Allianz Trade ‘ın yayınladığı rapora göre Türkiye’de metal sektörünün karşılaşabileceği başlıca risk unsurları arasında; ekonomik koşullar, küresel metal fiyatları, düzenleyici değişiklikler, enerji maliyetleri, hammadde temini, çevresel kaygılar ve iş gücünde yetenek eksikliği yer alıyor. Ancak bunlar arasında çevresel kaygılar dikkat çekici ölçekte görülüyor.
Türkiye’de metal sektörünün değerlendirildiği raporda, Türk metal sektöründe 31 bine yakın işyerinde 150 bine yakın kişi istihdam ediliyor. Küresel metal piyasasının, 2022'de 3940,17 milyar dolardan 2023'te yüzde 7,4’lük bileşik yıllık büyüme oranıyla 4230,27 milyar dolara yükseldiği bilgisi verildi.
Rusya-Ukrayna savaşının kısa vadede, küresel ekonomik toparlanma şansını olumsuz etkilediği vurgulanırken, savaşın, birden fazla ülkeye yönelik ekonomik yaptırımlara, emtia fiyatlarında artışa ve tedarik zinciri kesintilerine yol açtığı belirtiliyor. Raporda dikkat çeken bir diğer nokta ise küresel çapta metal fiyatlarının, daralan talep, resesyon beklentileri ve parasal sıkılaşma nedeniyle pandemi öncesi fiyatlarına yaklaşmış olması.

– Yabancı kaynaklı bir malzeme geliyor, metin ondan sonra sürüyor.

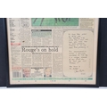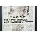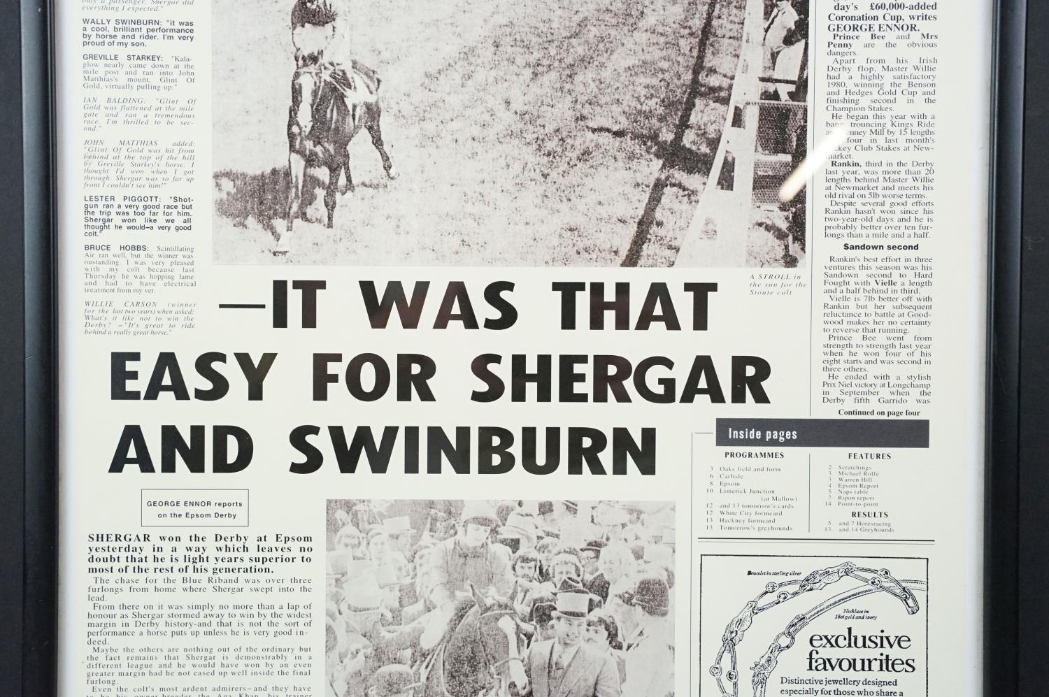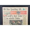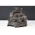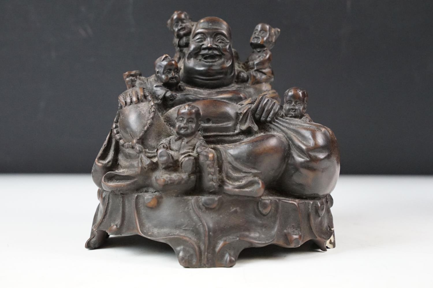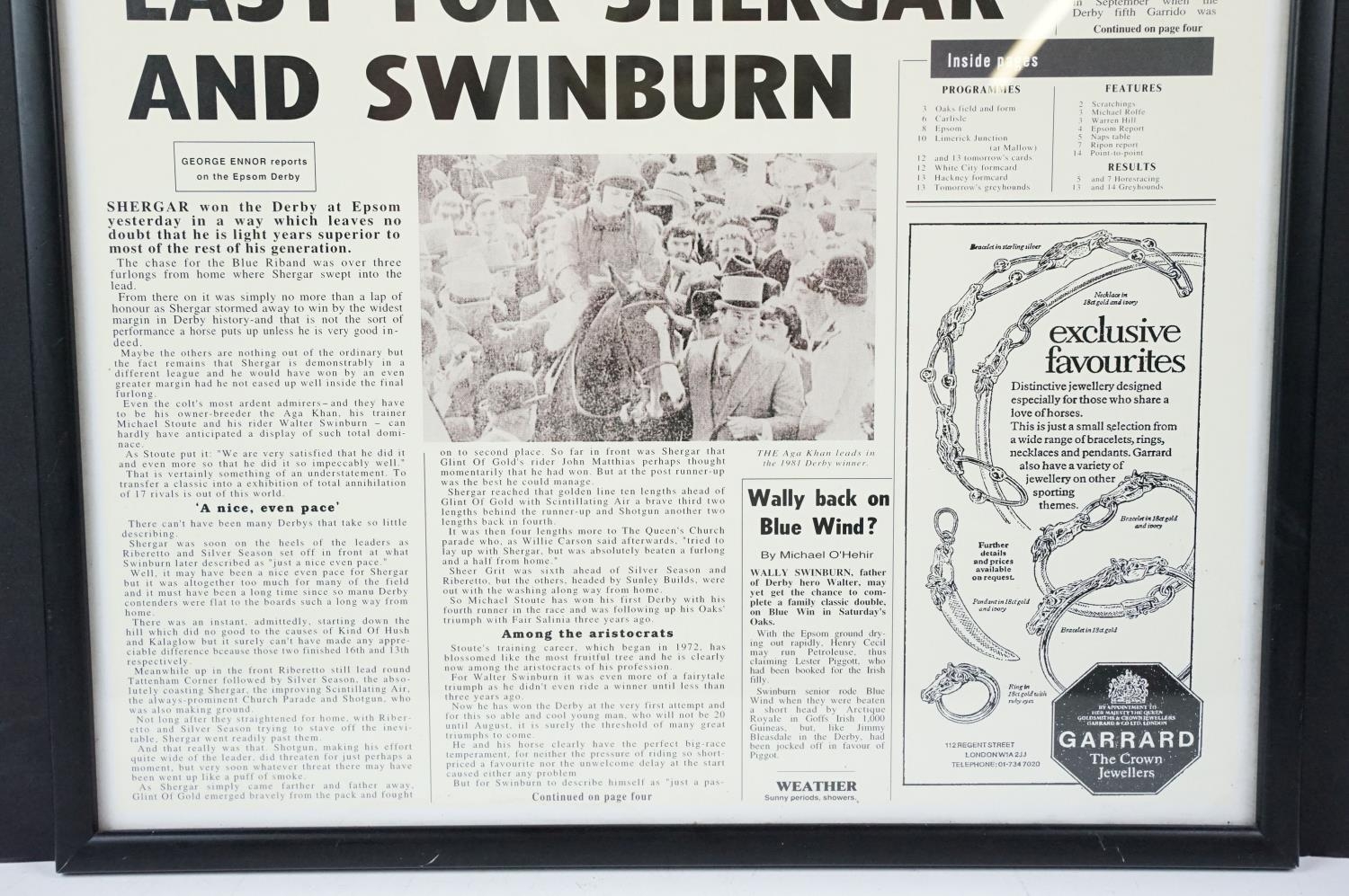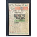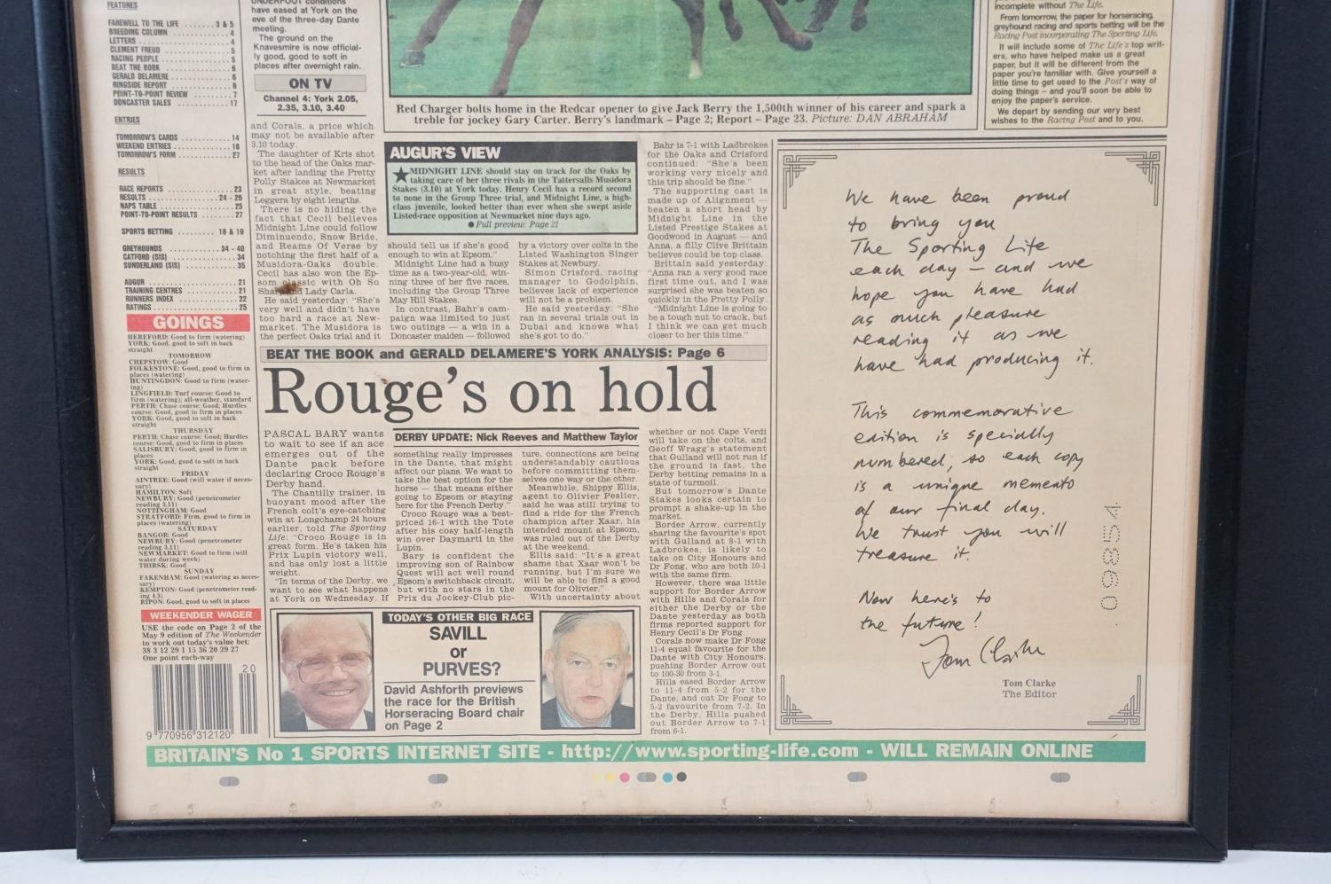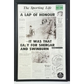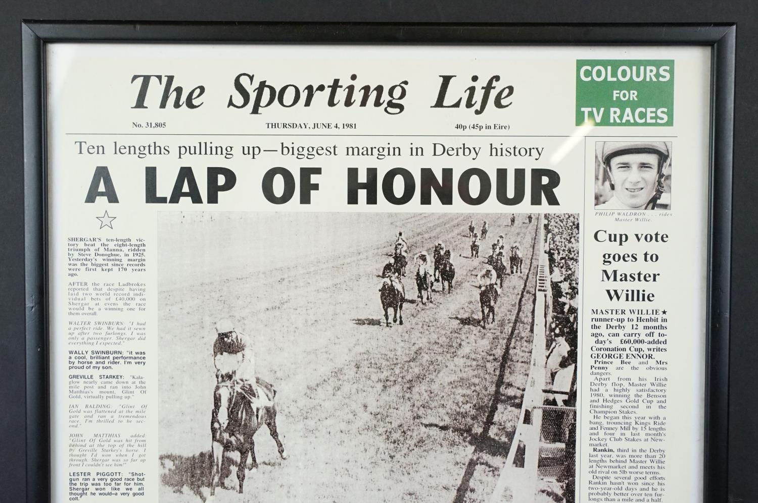 A vintage hand carved ebony letter opener together with a tribal figure and resin buddah with two framed The Sporting Life prints.
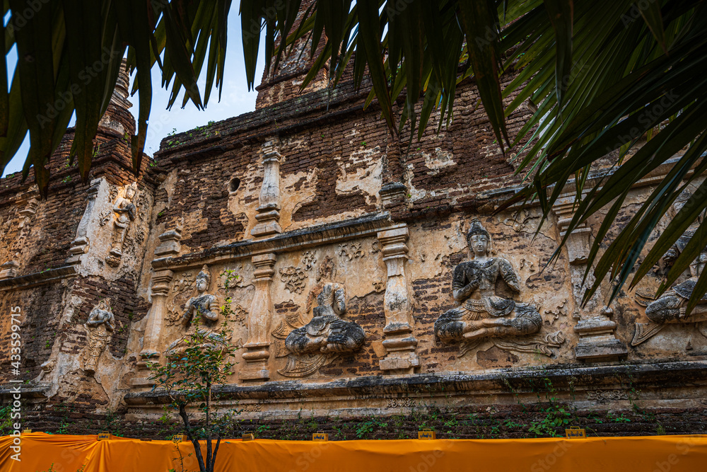 Old Ancient stucco patterns stucco Buddha and angel figures on the outside of the Maha Chedi Wat Chet Yot, seven pagoda temple It is a major tourist attraction in Chiang Mai, Thailand.
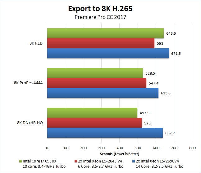 The exact amount of performance difference changes based on the resolution and the number of "sub-clips" you create, but compared to the i7 6950X, the 2x E5-2643 V4 ranges from matching the Core i7 6950X to being 24% slower. For the 2x E5-2690 V4, it was anywhere from the same as the Core i7 6950X to 16% slower. If you take all of this as an average, the Core i7 6950X comes in at about 7% faster than the 2x E5-2643 V4 and 9% faster than the 2x E5-2690 V4.
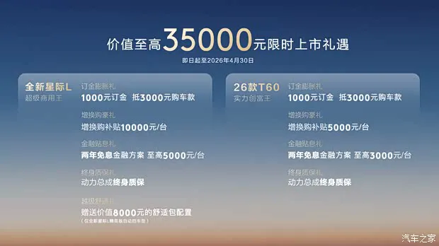 3月30日,我们从上汽大通官方获悉,全新星际(参数|询价)L/2026款星际EV/2026款T60迎来正式上市。全新星际L售价10.88-15.98万元;2026款星际EV售价24.98万元;2026款T60售价7.98-10.18万元。同时,大通官方还推出7天先试后买模式,7天免费用、随便开,深度体验再决定是否购买。
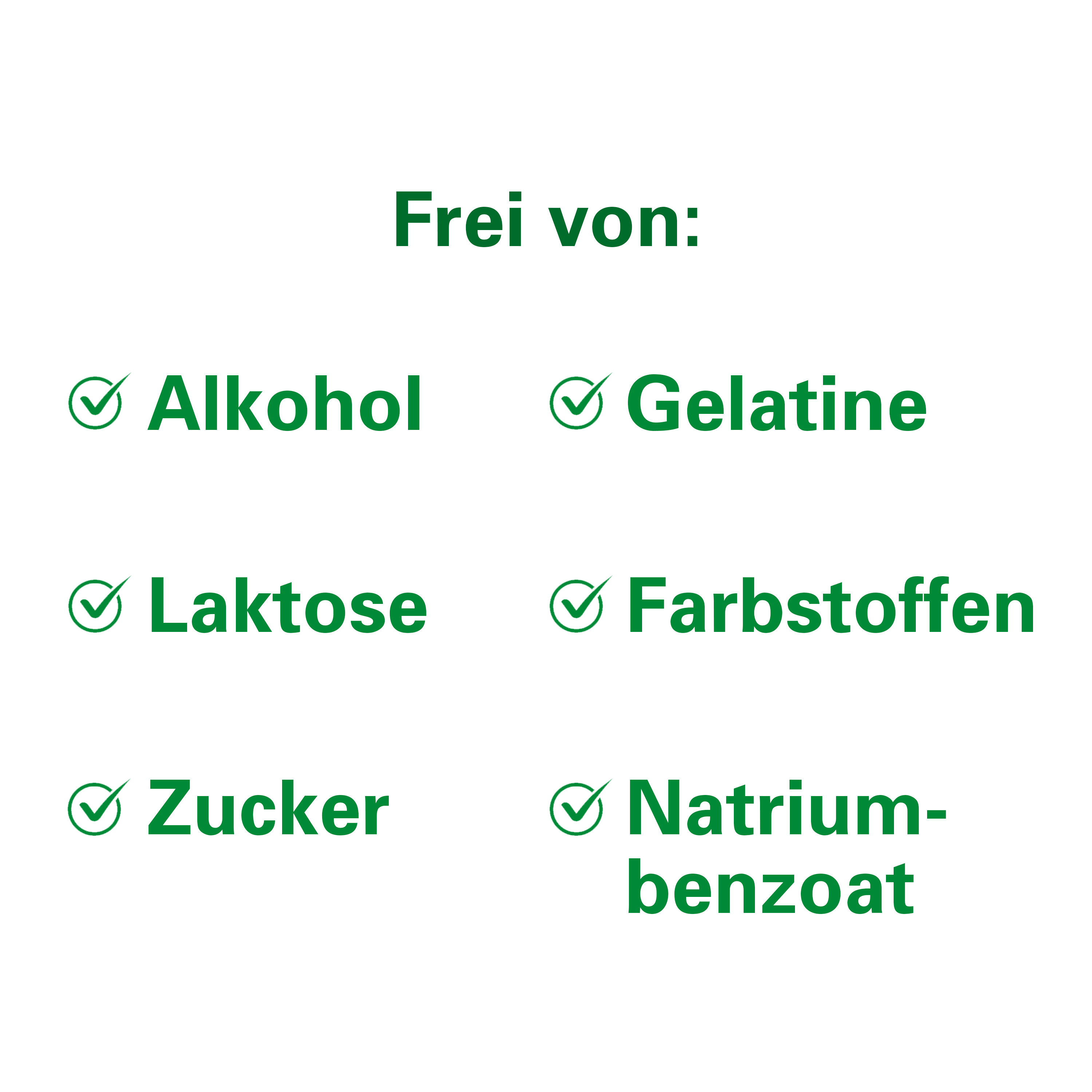 - Ohne Alkohol und Farbstoffe, Natriumbenzoat, Zucker und Laktose
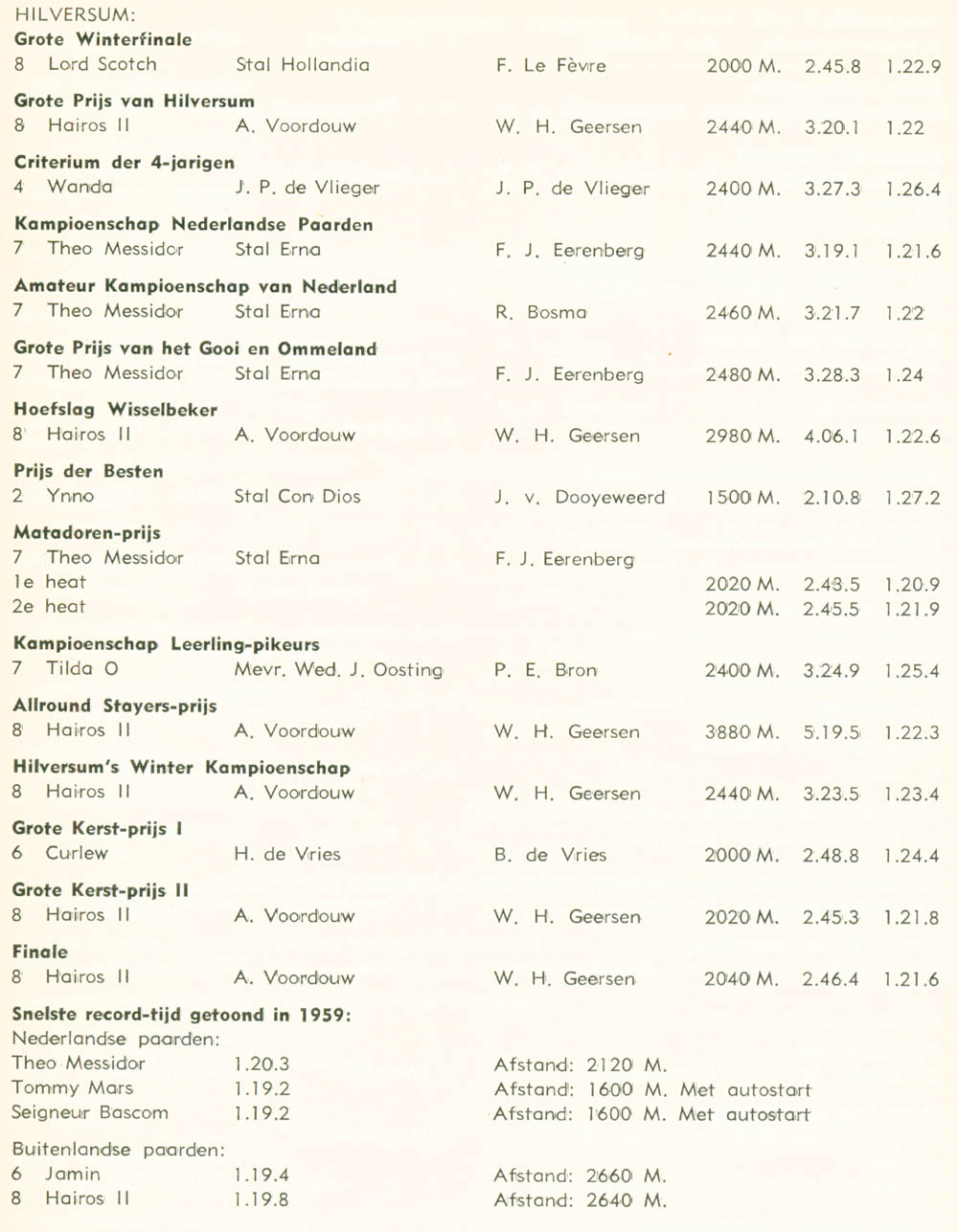 In Joinville-le-Pont overlijdt op 31 december 1959 Koos Jansen, lange tijd vooraanstaand trainer in Frankrijk. Grote successen had Jansen met Doelman P, de vader van O Lapize, die vanuit ons land naar Italie is uitgevoerd. Ook was hij de trainer van de bekende Pharaon en van Fragilite en Rhyticere, resp. grootmoeder en moeder van Gelinotte. Nog maar enkele jaren geleden gaf Koos Jansen op verzoek nog adviezen om het peil van de ruiterdraverijen te verhogen.
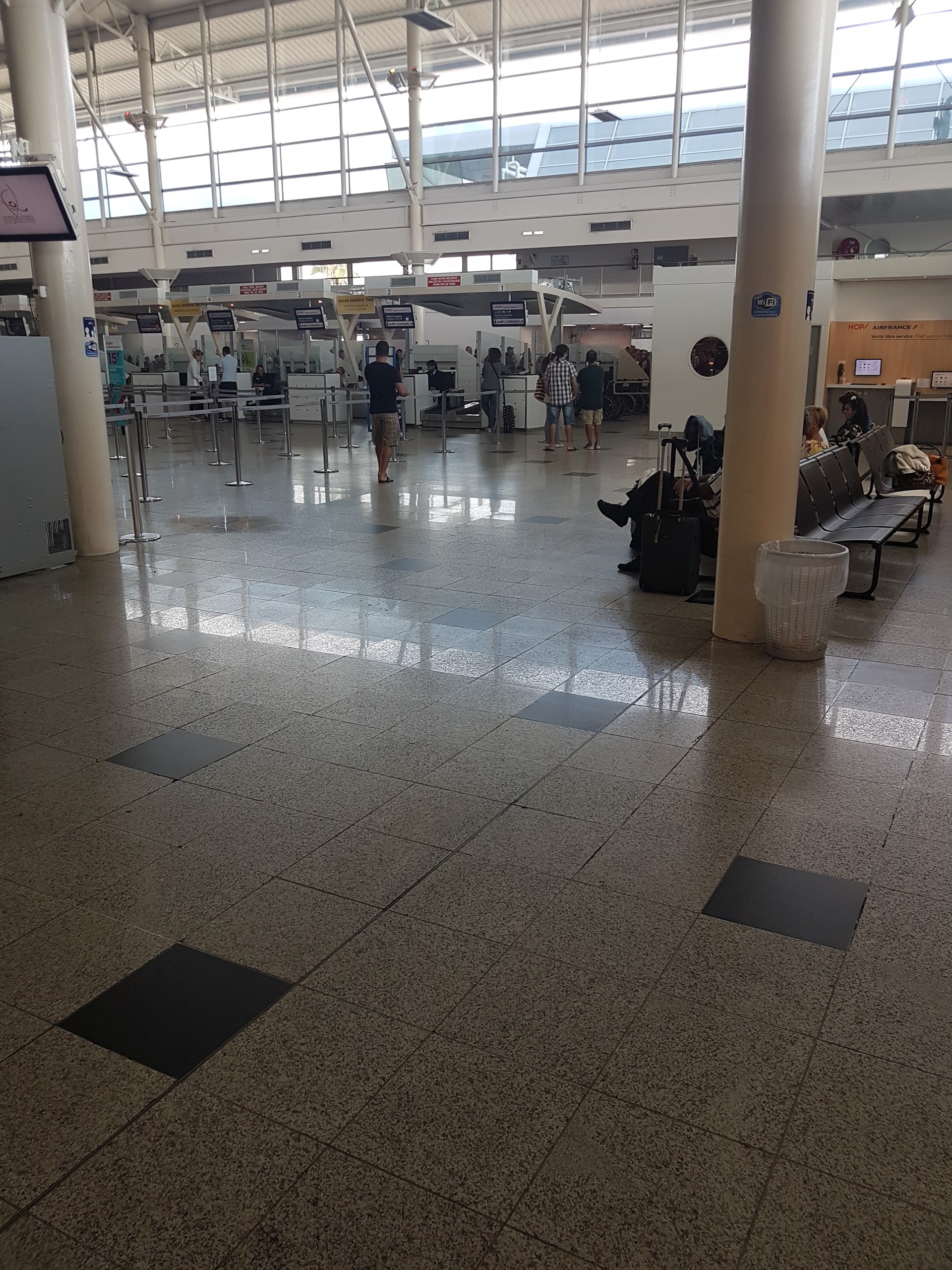 Petit aéroport comparé à la forte affluence..... Organisation floue..... Et surtout très en colère par le contrôle de sécurité où l'agent voulait que je fasse demi-tour pour enregistrer un pot de miel de 250g,alors que mon ami lui est passé sans problème avec un pot de confiture de même contenance mais contrôlé par un agent plus clément !!!! Politique à 2 vitesses pffff et pot de miel corse à 8€ à la poubelle!!!! Lamentable quel gaspillage

Yeşil dönüşümle uluslarası ticaret değişim geçirecek
Dünya genelinde artan yeşil dönüşüm talebinin etkisiyle, uluslararası ticaretin bir değişim geçirmesi bekleniyor. Ülkelerin, iklim ve çevreye ilişkin aldıkları kararları uluslararası ticaret ve sanayi alanında uygulamaya başlaması, bu durumun ise olası dış ticareti kısıtlayıcı uygulamaların artacağı endişelerini kuvvetlendirdiği de raporda dikkat çekiyor.
Almanya’nın teknik resesyona girmesi Türkiye Metal Sektörü olumsuz etkiliyor
Türkiye’nin ihracat verileri 2022 yılı sonunda 254,2 milyar dolar ile bir önceki yıla göre yüzde 12,9 artış gösterdi. Demir ve Demir Dışı Metaller sektörü ihracatı ise 2022 Ocak-Aralık döneminde, önceki yılın aynı dönemine göre yüzde 16,8 artış ile 14,66 milyar dolar olarak gerçekleşti. Raporda, bu yılın ilk 5 ayında ihracattaki yüzde 0,2 artışa karşın, Demir ve Demir Dışı Metaller sektörü ihracatının geçtiğimiz yılın aynı dönemine göre yüzde 16,4 düştüğüne dikkat çekiliyor. Bu düşüşte Avrupa Birliği’ndeki ekonomik daralma, parasal sıkılaşma döngüsü, Türkiye özelinde kurun rekabetçi bir düzeyde olmaması ve geçtiğimiz yıla kıyasla kredi koşullarındaki sıkılaşmanın etkili olduğu belirtiliyor. Ayrıca, Türkiye’nin demir ve demir dışı metaller sektöründeki ihracatında en büyük paya sahip olan Almanya’nın da teknik resesyona girmesinin Türkiye Metal Sektörünü büyük ölçüde etkilediği vurgulanıyor.